この画像の山肌、三股と呼ばれる地区のもの。昨日見に行って写真を撮ってきたんだけど、この苔の下にあるのが陶石。波佐見焼に使われていた材料だ。
こんにちは、こんばんは。くりたまきです。
ふだん何気なく見ている景色も、さすが焼きものの歴史がある波佐見町、ゆっくり歩いてみると、400年続く焼きものの歴史の片鱗が散らばっている。
いま、多くの窯元は山の下に降りてきている。けれど、むかしはみんな山で焼きものをつくっていたという。
まず、陶石。山から採れる石が原材料になっていた。その石と、川の水で生地をつくったら、次は焼く。むかしの窯は登り窯といって、傾斜につくっていた。いくつもの窯を階段状につなげて、順番に下から火を入れていたので、山の斜面につくるのが効率的だったのだ。さらに、燃料になる木材も、山から切り出してくる。

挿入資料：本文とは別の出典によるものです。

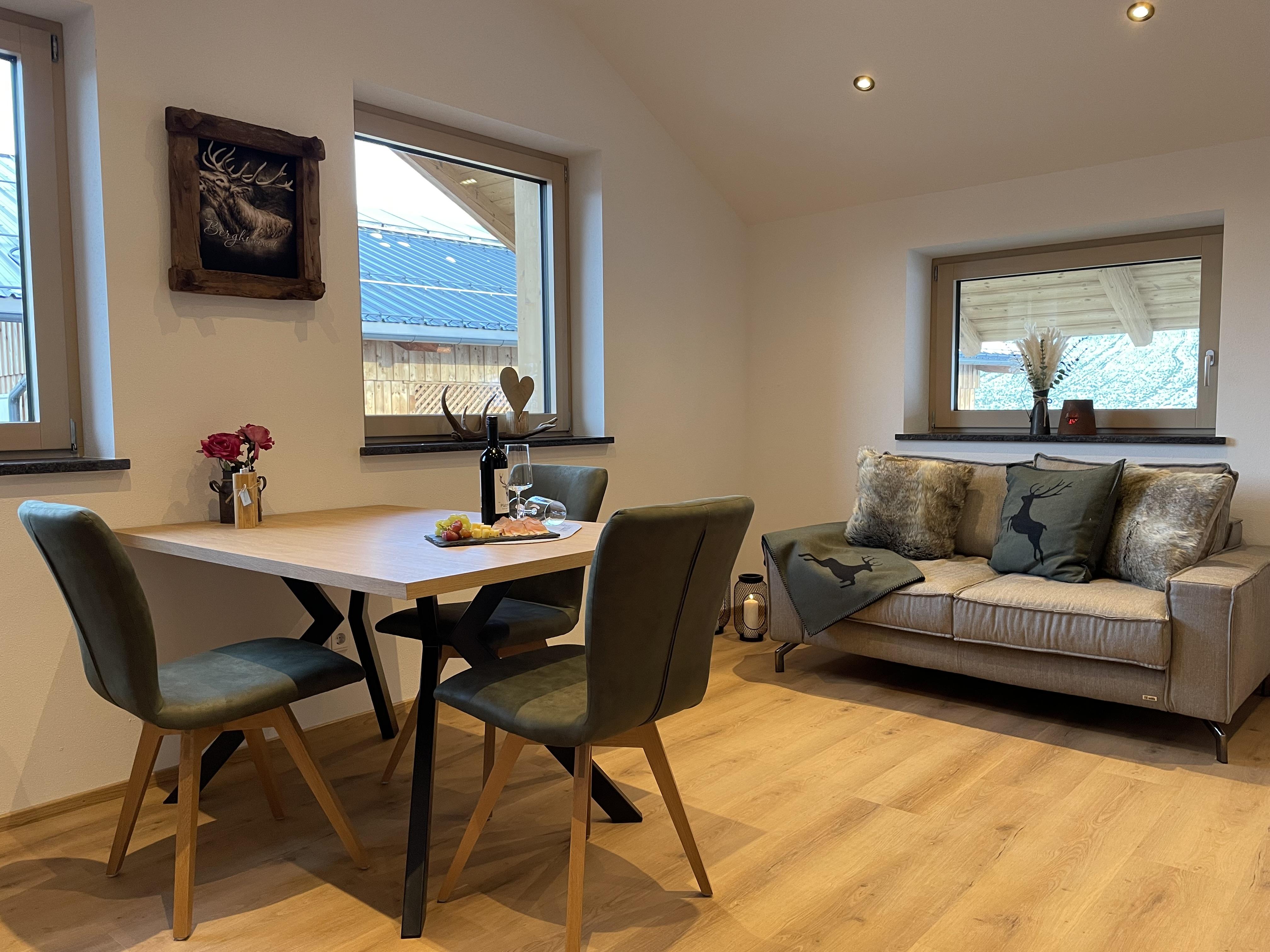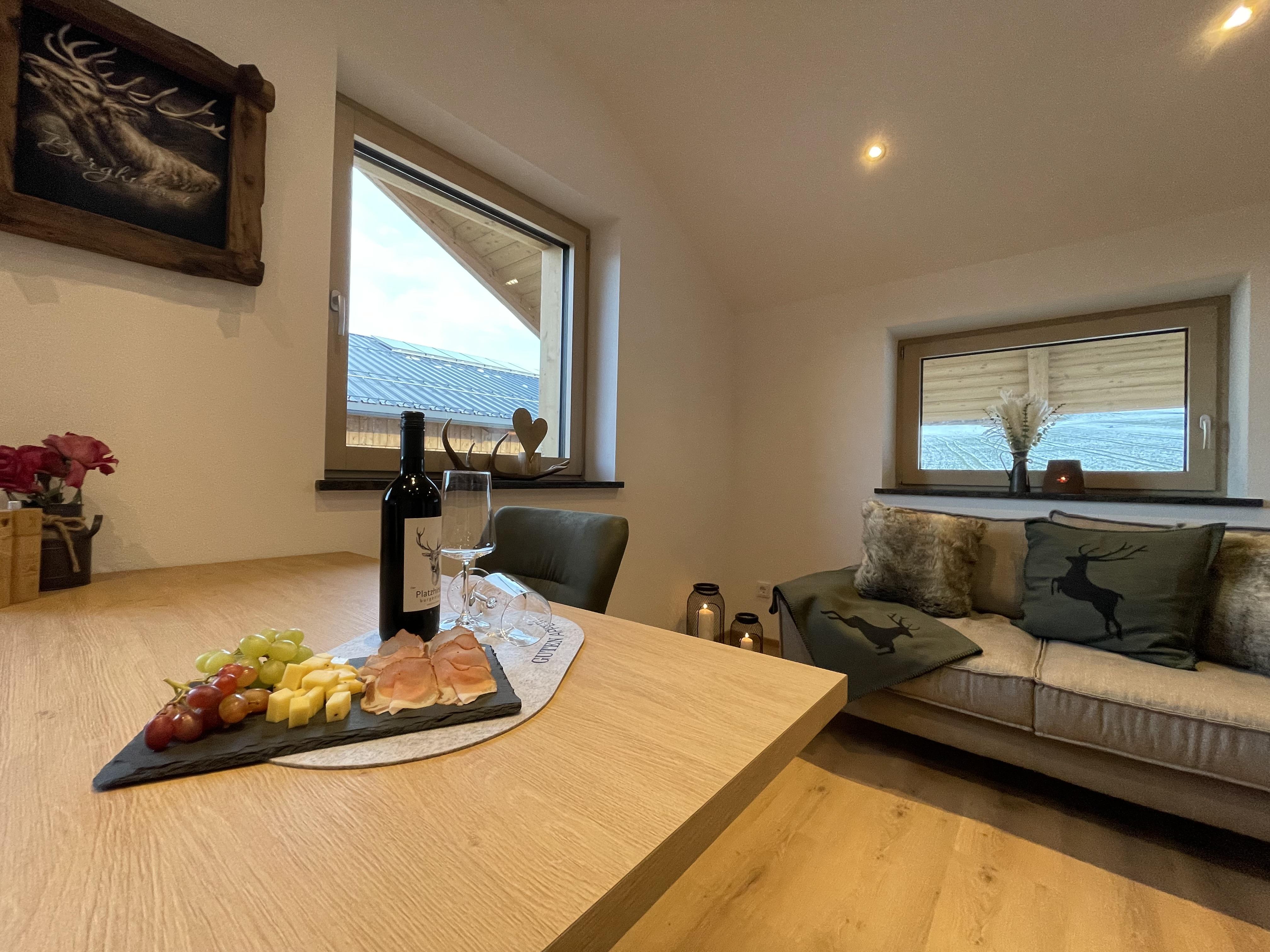 Unsere neu erbaute Ferienwohnung Wildschütz verfügt über eine gemütliche Wohnküche mit vollausgestateter Küche. Sowie über ein liebevoll eingerichtetes Schlafzimmer mit Boxspringbett und ein Badezimmer.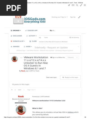 Hello, in this video i show you how to fix the vmware unlocker to install mac os x (part 1). What's new in version 2.0.9 (unofficial). Read below if you have older versions. Unlocker for vmware workstation 10, 9, 8 and 7. 0.8 but on git there is a 2.0.9: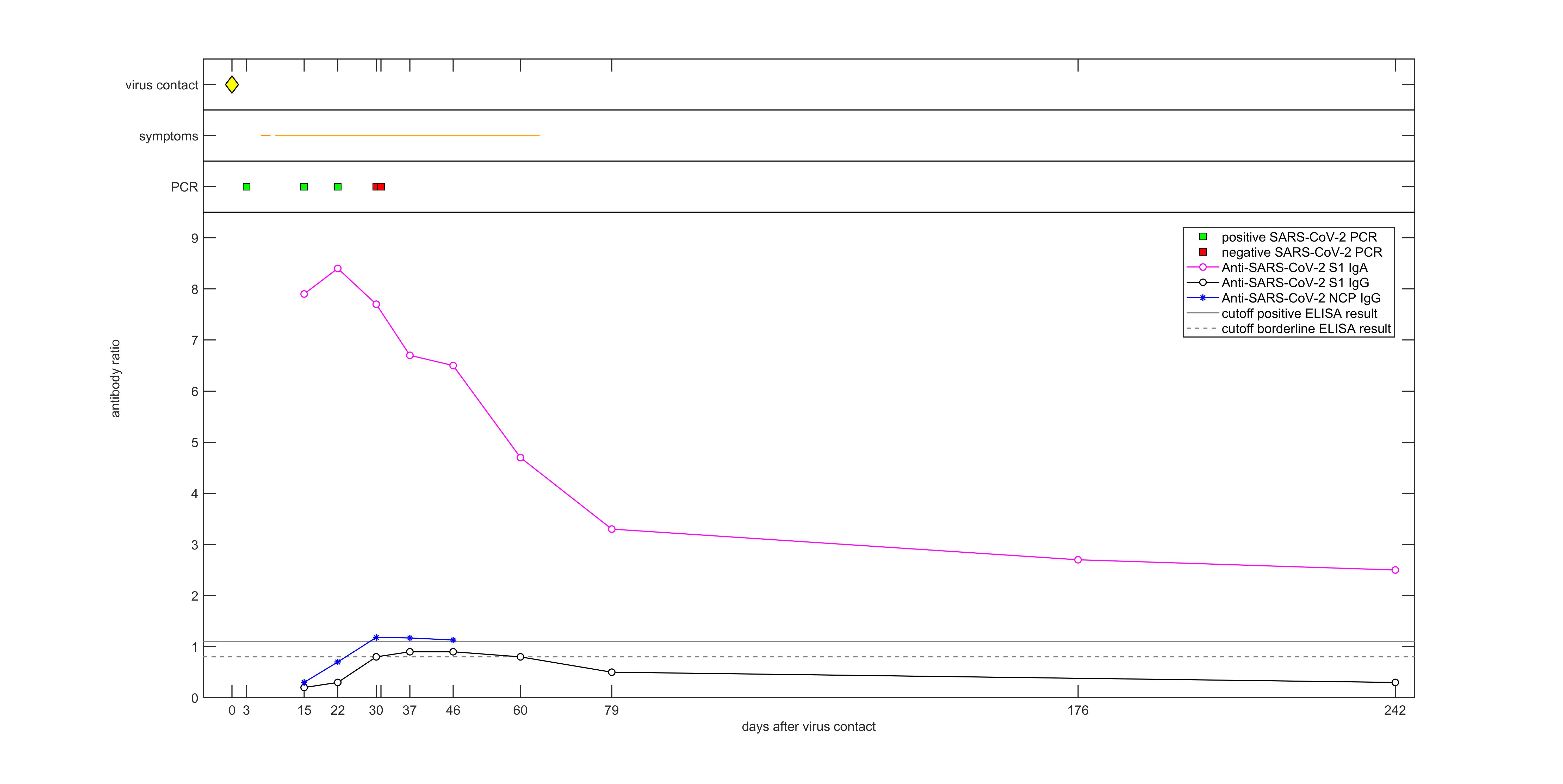 Figure 1: Timeline of virus contact, symptoms, PCR results and longitudinal titers of anti-SARS-CoV-2 antibodies against the nucleocapsid protein (NCP) and spike protein (S1).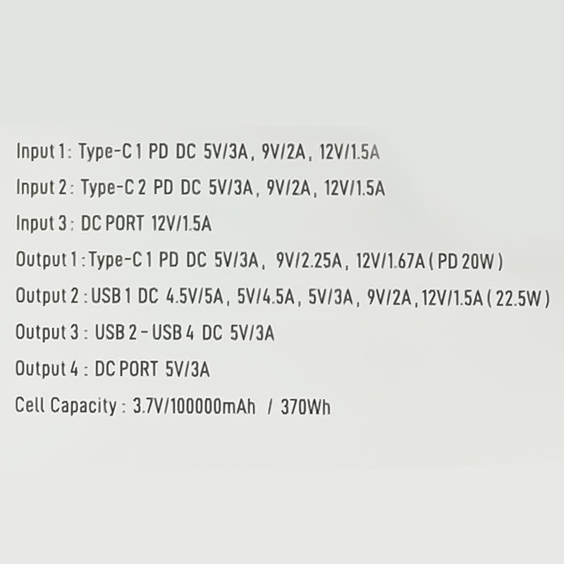 دارای محافظ ولتاژ اضافی، محافظ جریان کوتاه، محافظ اضافه شارژ و تخلیه شارژ - تشخیص خودکار جریان متناسب با دستگاههای متصل - دارای پورت DC ورودی و خروجی - دارای یک درگاه ورودی و خروجی و یک درگاه فقط ورودی از نوع Type-C - دارای 4 درگاه USB - دارای چراغ LED

もう、江戸時代とかそれより前に遡ると、山でしか焼きものはつくれなかったのだ。昭和のころまで使われてた登り窯もあるって言ってたかな。
それが現代ではガス窯が中心になっているので、木材がいらない。陶石もほかから仕入れるようになった。山にいる必然性が薄れて、古くから歴史ある窯元さんも、山から降りてきて工房を持っているところが多い。山だと、ちょっと手狭だし行き来も大変だし、大きく商売をするには……ということらしい。
ちょっと山に近づくと、今日のTOPの画像みたいに陶石がある。「あの山の上のほう、一部だけ木がないな……?」と思うようなところは、窯を焼く燃料に伐採された跡だったりする。
国に指定されている史跡めぐりをするのも楽しいけれど、プラスして町の景色に歴史を探してみるのもおもしろい。
昨日は波佐見町のガイドボランティアのみなさんが案内してくれた。文献に残っていない口伝での知識も話してもらえて、奥が深かったなあ。「この地区のおじいさんに聞いたら、ここでむかしは……」と、生の情報をくれるのだ。
波佐見町でも、中尾山や三股なんかの古くからある地区は、道が細い。対向車がすれ違えないようなところもあるし、免許取り立てほやほやのわたしでは、運転する勇気が持てない道ばかり。案内してもらえてよかった。
人ひとりが通るのがやっとの細い道を歩くと、なんだか冒険みたいでドキドキしちゃったよ。